-- Input records --
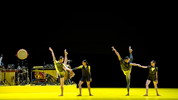 Bushra El-Turk’s score drives hard, and Beibei Wang’s percussion presses insistently for attention, yet the eye keeps returning to the dancers. A few times, though, Wang’s percussion suddenly matches the dancers’ movement texture, and the whole stage comes alive. Those flashes show how thrilling the piece could be, which only makes the longer stretches of disconnection more noticeable. At many points I could barely hear the music as music at all.
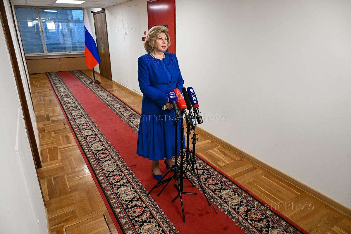 Заседание комитета Государственной думы (ГД) России по молодежной политике совместно с Уполномоченным по правам человека в России Татьяной Москальковой в ГД России. Уполномоченный по правам человека в России Татьяна Москалькова во время пресс-подхода перед началом заседания.
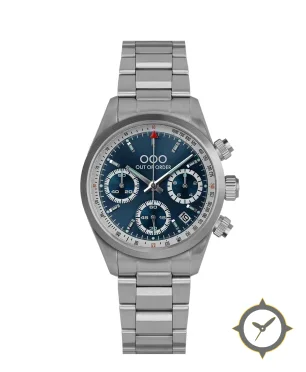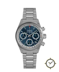 Eine Chronograph-Uhr mit einem vielseitigen 39.5mm Gehäuse, das an fast jedes Handgelenk passt, gefertigt aus Edelstahl mit einem Zifferblatt in blau und einer besonderen "sunburst"-Oberfläche.
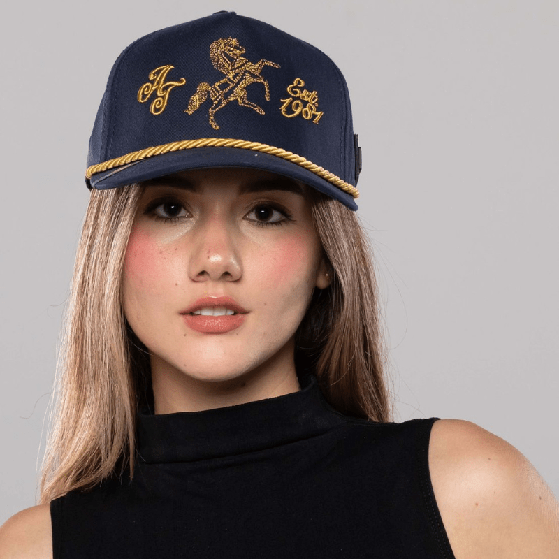 Si te gustan las gorras originales y con estilo, esta gorra azul con caballo dorado es para ti. Una gorra estilo urbano, perfecta para completar cualquier outfit, ya sea casual o del día a día. Su diseño tipo gorra béisbol y su bordado llamativo la convierten en una de esas gorras que realmente destacan.
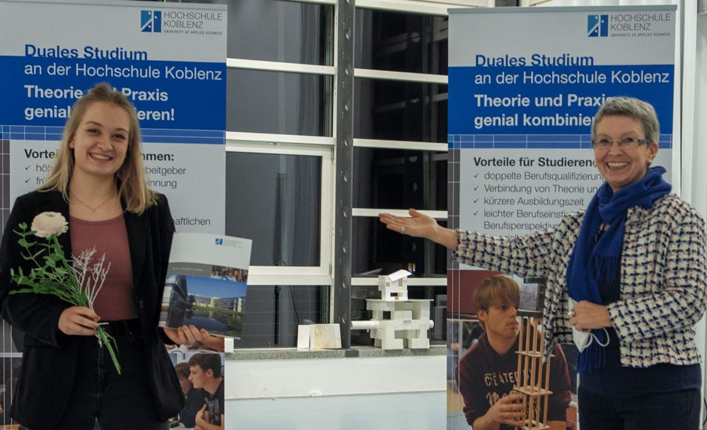 Das Koblenzer Hochschulprojekt „Dual trifft International“ fördert über eine Laufzeit von zwei Jahren eine Internationalisierung des dualen Studiums, baut Informations- und Beratungsangebote aus, stärkt die internationalen Netzwerke der Hochschule, schafft ein neues, englischsprachiges Online-Lehrangebot und vergibt exklusive Auslandsstipendien an dual Studierende. „Durch die enge Verzahnung von Theorie und Praxis sind Auslandsaufenthalte im dualen Studium schwieriger zu realisieren. Daher freuen wir uns umso mehr über diese Möglichkeit“, betont Prof. Dr. Daniela Braun, Projektleiterin und Vizepräsidentin für Lehre und Diversity an der Hochschule Koblenz. Das Projekt wird durch Mittel des Deutschen Akademischen Austauschdiensts (DAAD) und des Bundesministeriums für Bildung und Forschung (BMBF) finanziert.
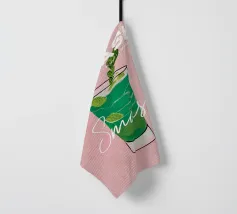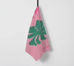Un poster moderno di ispirazione pop art con il basilico come motivo grafico principale. Le foglie stilizzate di colore verde intenso spiccano sullo sfondo rosa acceso, completate dalla scritta "BASIL" in blu scuro.
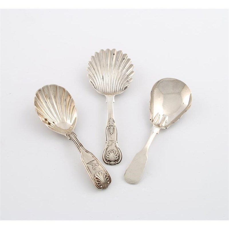 plain terminal and shaped bowl, plus another Scottish King's pattern caddy spoon, Edinburgh 1850, and a Victorian silver Fiddle, Thread and Shell pattern caddy spoon, by George Adams, London 1866. (3)
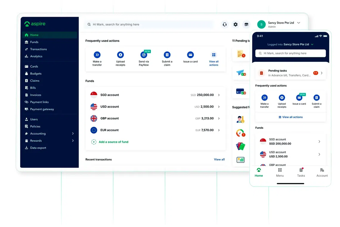 - Aspire's expansion enables Singapore companies to use its financial services as they grow overseas, avoiding the need to establish new banking relationships in each market.
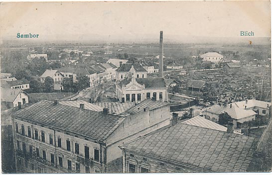 Pocztówka Sambor Widok ogólny postkarte Sambir postcard Sambir открытка Самбор z obiegu 1917r pocztówki Kresy wschodnie  pocztówki z kresów Kresy na starych pocztówkach
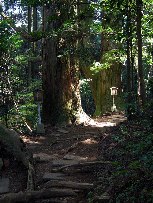 | 参道にある杉の樹。双子杉。 |
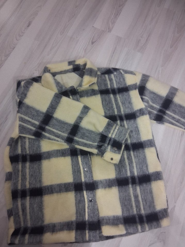 2 kol arası 63 cm uzunlul 68n.Hiç giyilmedi.Uzun kollu ve düğmeli, yumuşak ve sıcak kumaştan yapılmış gri ve krem ekose desenli kadın gömleği. Bol kesim ve günlük kullanım için uygundur.
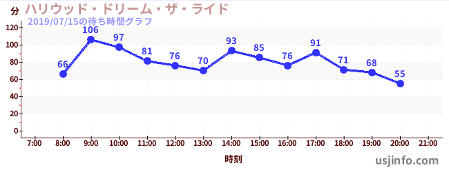 • ハリウッド・ドリーム・ザ・ライド$B$N(B2019年07月15日の待ち時間
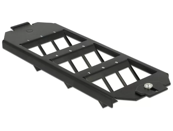Ez a Delock által gyártott Keystone rögzítés padlótartályokba szerelhető. Szabványosított méreteivel kilenc Keystone modul egyszerű pattintható rögzítésére alkalmas.

-- Task details --
Exactly repeat only the lines from the one with "Pocztówka Sambor Widok" to the closing line above, both included, and omit every picture.

-- Answer to the exercise --
 Pocztówka Sambor Widok ogólny postkarte Sambir postcard Sambir открытка Самбор z obiegu 1917r pocztówki Kresy wschodnie  pocztówki z kresów Kresy na starych pocztówkach
 | 参道にある杉の樹。双子杉。 |
 2 kol arası 63 cm uzunlul 68n.Hiç giyilmedi.Uzun kollu ve düğmeli, yumuşak ve sıcak kumaştan yapılmış gri ve krem ekose desenli kadın gömleği. Bol kesim ve günlük kullanım için uygundur.
 • ハリウッド・ドリーム・ザ・ライド$B$N(B2019年07月15日の待ち時間
Ez a Delock által gyártott Keystone rögzítés padlótartályokba szerelhető. Szabványosított méreteivel kilenc Keystone modul egyszerű pattintható rögzítésére alkalmas.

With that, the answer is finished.